_Goal of the exercise_:
Leave the pictures out, and transcribe the material below exactly from the line with "ここでは、生産関数分析につい" to the line with "Городской пейзаж Сингапура ночью", both lines included.

_The data_:

★ ★ ★ ★

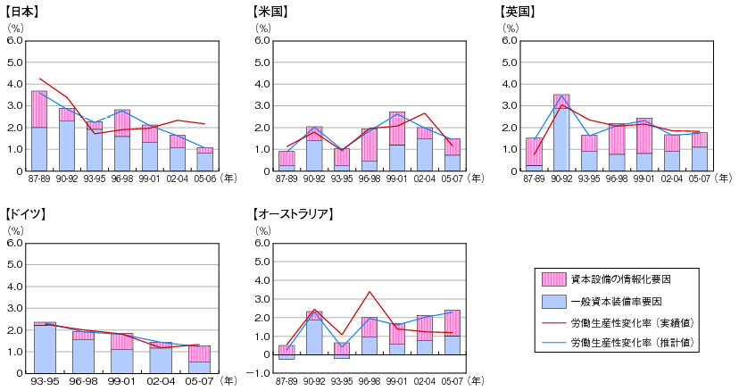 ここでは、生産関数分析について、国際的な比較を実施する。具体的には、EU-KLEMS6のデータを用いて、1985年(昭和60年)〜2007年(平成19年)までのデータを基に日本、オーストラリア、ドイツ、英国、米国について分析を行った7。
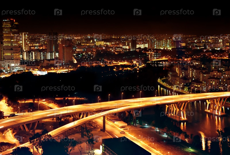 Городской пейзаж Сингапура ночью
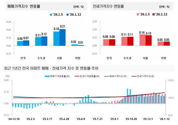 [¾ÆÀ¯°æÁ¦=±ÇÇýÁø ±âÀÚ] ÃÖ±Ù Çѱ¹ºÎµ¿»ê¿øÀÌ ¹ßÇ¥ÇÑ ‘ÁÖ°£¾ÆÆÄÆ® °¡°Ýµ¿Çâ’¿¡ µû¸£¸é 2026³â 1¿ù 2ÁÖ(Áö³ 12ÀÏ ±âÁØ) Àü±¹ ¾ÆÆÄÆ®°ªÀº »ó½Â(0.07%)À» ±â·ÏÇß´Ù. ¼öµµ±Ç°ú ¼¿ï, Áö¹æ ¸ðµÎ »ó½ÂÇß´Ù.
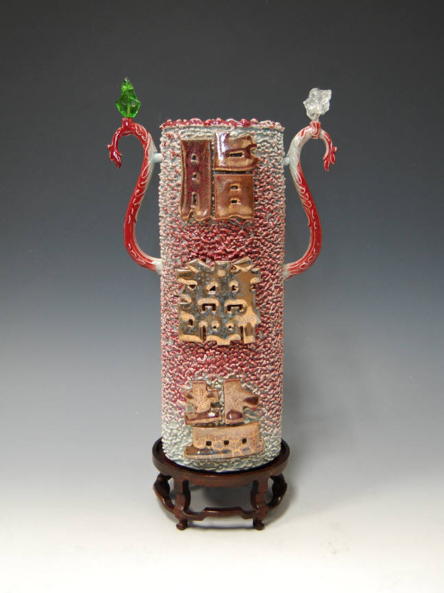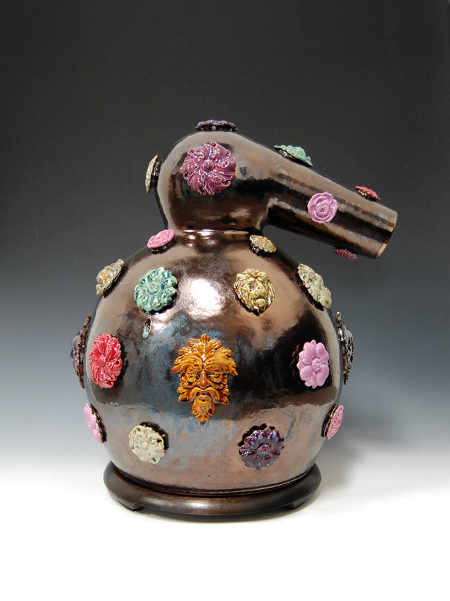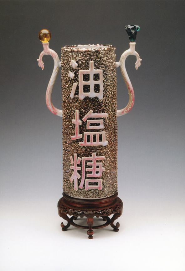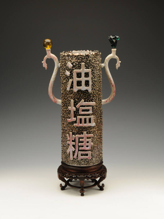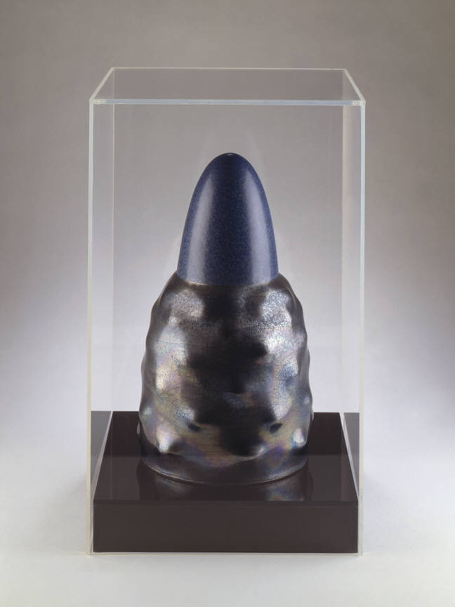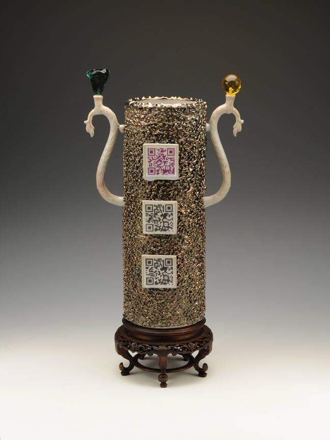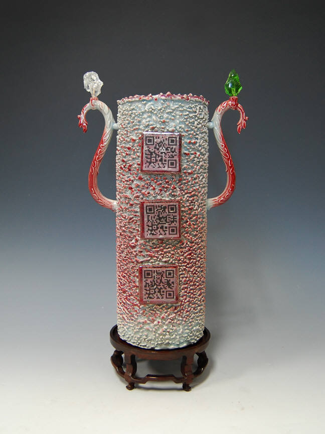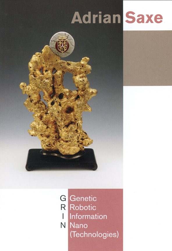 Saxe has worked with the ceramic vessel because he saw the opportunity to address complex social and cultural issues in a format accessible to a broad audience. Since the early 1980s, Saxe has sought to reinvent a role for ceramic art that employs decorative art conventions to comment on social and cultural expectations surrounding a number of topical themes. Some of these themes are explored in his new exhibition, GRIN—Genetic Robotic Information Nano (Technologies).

★ ★ ★ ★

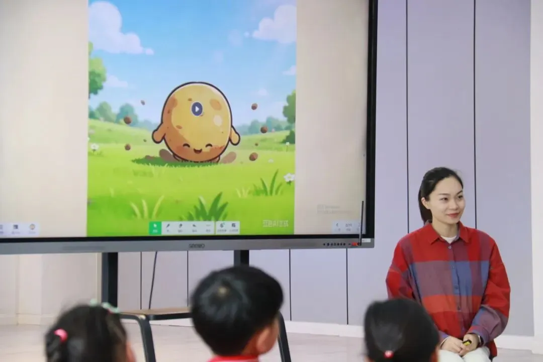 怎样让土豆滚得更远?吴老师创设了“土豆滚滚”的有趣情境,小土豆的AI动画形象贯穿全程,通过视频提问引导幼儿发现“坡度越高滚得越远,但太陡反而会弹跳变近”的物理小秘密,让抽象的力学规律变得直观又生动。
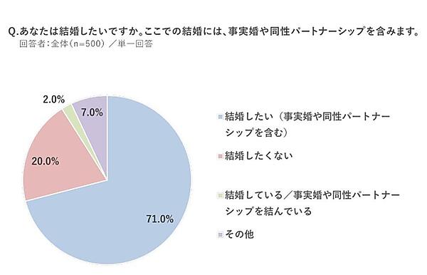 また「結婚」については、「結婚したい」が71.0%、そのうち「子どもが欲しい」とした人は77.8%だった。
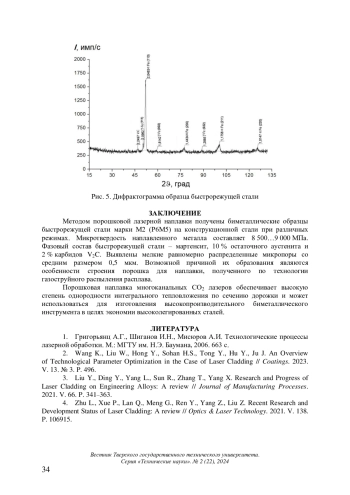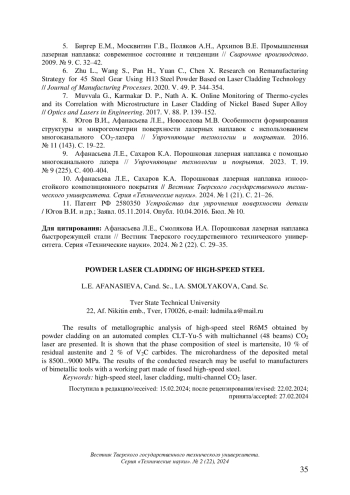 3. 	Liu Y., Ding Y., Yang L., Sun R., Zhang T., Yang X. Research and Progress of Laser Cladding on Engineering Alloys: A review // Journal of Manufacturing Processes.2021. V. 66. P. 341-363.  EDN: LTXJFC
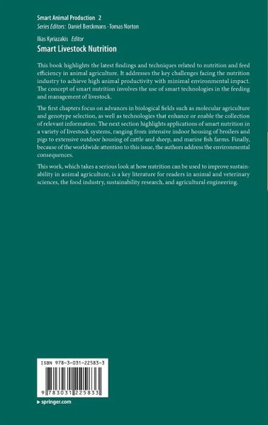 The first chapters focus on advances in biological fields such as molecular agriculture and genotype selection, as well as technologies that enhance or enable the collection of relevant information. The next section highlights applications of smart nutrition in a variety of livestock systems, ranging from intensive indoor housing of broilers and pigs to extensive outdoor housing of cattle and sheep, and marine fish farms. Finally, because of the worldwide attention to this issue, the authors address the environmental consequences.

★ ★ ★ ★

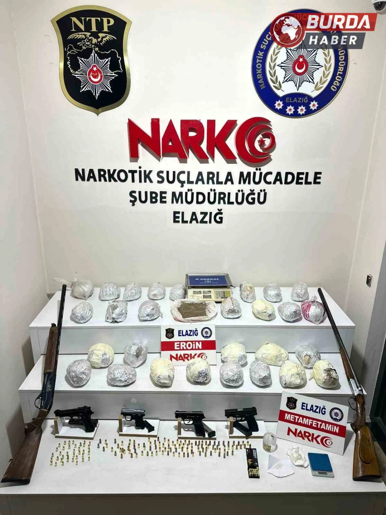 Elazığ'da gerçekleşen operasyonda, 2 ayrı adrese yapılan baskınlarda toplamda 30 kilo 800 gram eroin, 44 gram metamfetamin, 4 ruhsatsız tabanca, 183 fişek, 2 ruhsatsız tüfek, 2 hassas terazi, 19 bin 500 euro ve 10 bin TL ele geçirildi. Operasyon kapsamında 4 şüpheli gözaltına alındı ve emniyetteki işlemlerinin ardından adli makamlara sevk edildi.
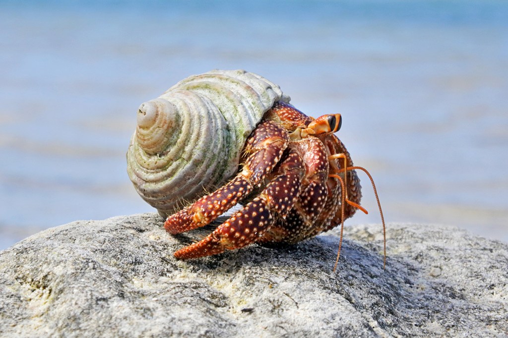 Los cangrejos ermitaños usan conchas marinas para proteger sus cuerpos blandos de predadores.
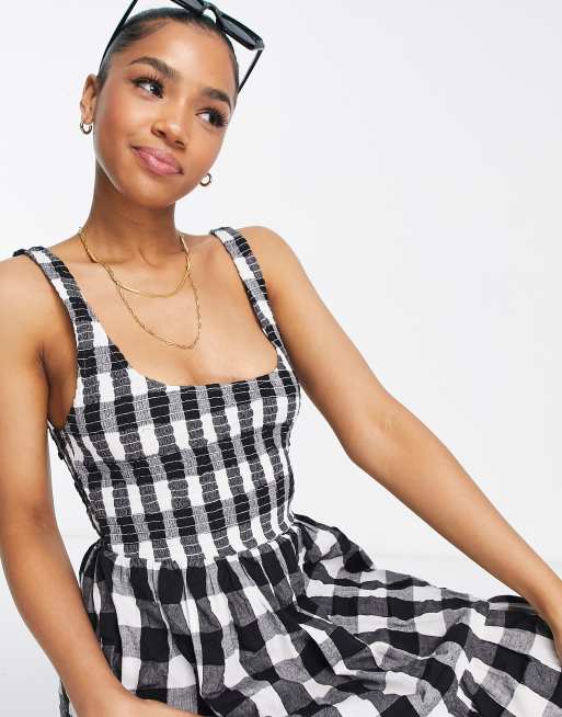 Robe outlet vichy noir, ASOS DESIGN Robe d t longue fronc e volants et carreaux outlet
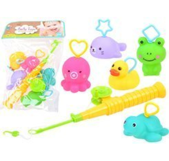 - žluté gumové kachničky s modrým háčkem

★ ★ ★ ★

_Response below_:
 ここでは、生産関数分析について、国際的な比較を実施する。具体的には、EU-KLEMS6のデータを用いて、1985年(昭和60年)〜2007年(平成19年)までのデータを基に日本、オーストラリア、ドイツ、英国、米国について分析を行った7。
 Городской пейзаж Сингапура ночью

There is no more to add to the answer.